Unnamed: 0_level_0,hour,coffee_amount,coffee_amount,coffee_amount
coffee_carafe,Unnamed: 1_level_1,x,y,z
0,8,0.816164,0.189297,0.999264
1,9,0.451018,0.521502,0.91599
2,10,0.843279,0.023163,0.144928
3,11,0.335533,0.235529,0.311495
4,12,0.898291,0.017009,0.771947
5,13,0.310711,0.997464,0.39852
6,14,0.507288,0.058361,0.864464
7,15,0.215043,0.144644,0.436364
8,16,0.183891,0.544676,0.280621
9,17,0.39156,0.594126,0.436677


### c. Is this the best shape for the data?
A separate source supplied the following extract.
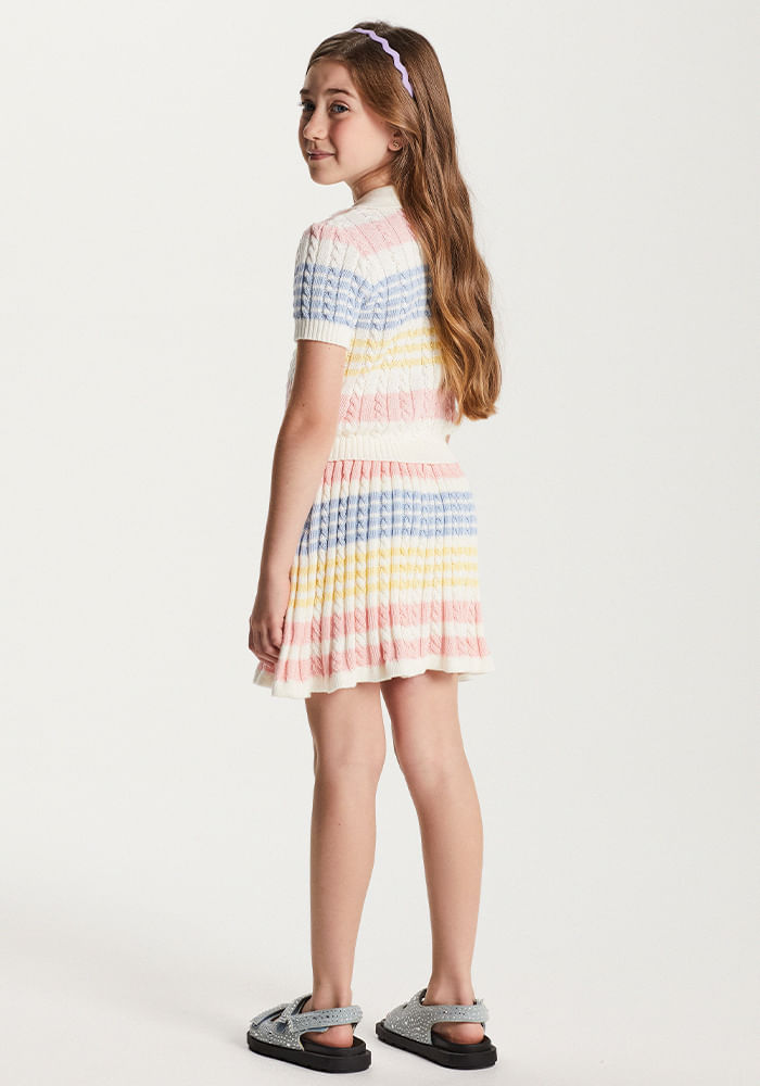 Conjunto Um Mais Um em tricot composto por blusa de manga curta e saia short. A blusa tem modelagem clássica com gola esporte e decote em V, enquanto a saia short possui shape godê com leve babado na barra, unindo charme e conforto. O destaque fica por conta das listras em tons pastel rosa, azul, amarelo e off-white que conferem um visual delicado, alegre e super feminino. Ideal para looks casuais com um toque sofisticado, perfeito para os dias frescos de meia-estação.

No because each row is not a single instance.

## 3. Cake Recipes

### a. Read the cake_recipes table. This data set contains cake tastiness scores for combinations of different recipes, oven rack positions, and oven temperatures.

In [42]:
cake_df = pd.read_csv('untidy-data/cake_recipes.csv')

In [43]:
cake_df

Unnamed: 0,recipe:position,225,250,275,300
0,a:bottom,61.738655,53.912627,74.41473,98.786784
1,a:top,51.709751,52.009735,68.576858,50.22847
2,b:bottom,57.09532,61.904369,61.19698,99.248541
3,b:top,82.455004,95.224151,98.594881,58.169349
4,c:bottom,96.470207,52.001358,92.893227,65.473084
5,c:top,71.306308,82.795477,92.098049,53.960273
6,d:bottom,52.799753,58.670419,51.747686,56.18311
7,d:top,96.873178,76.101363,59.57162,50.971626


### b. Tidy the data as necessary.

### c. Which recipe, on average, is the best?

### d. Which oven temperature, on average, produces the best results?

### e. Which combination of recipe, rack position, and temperature gives the best result?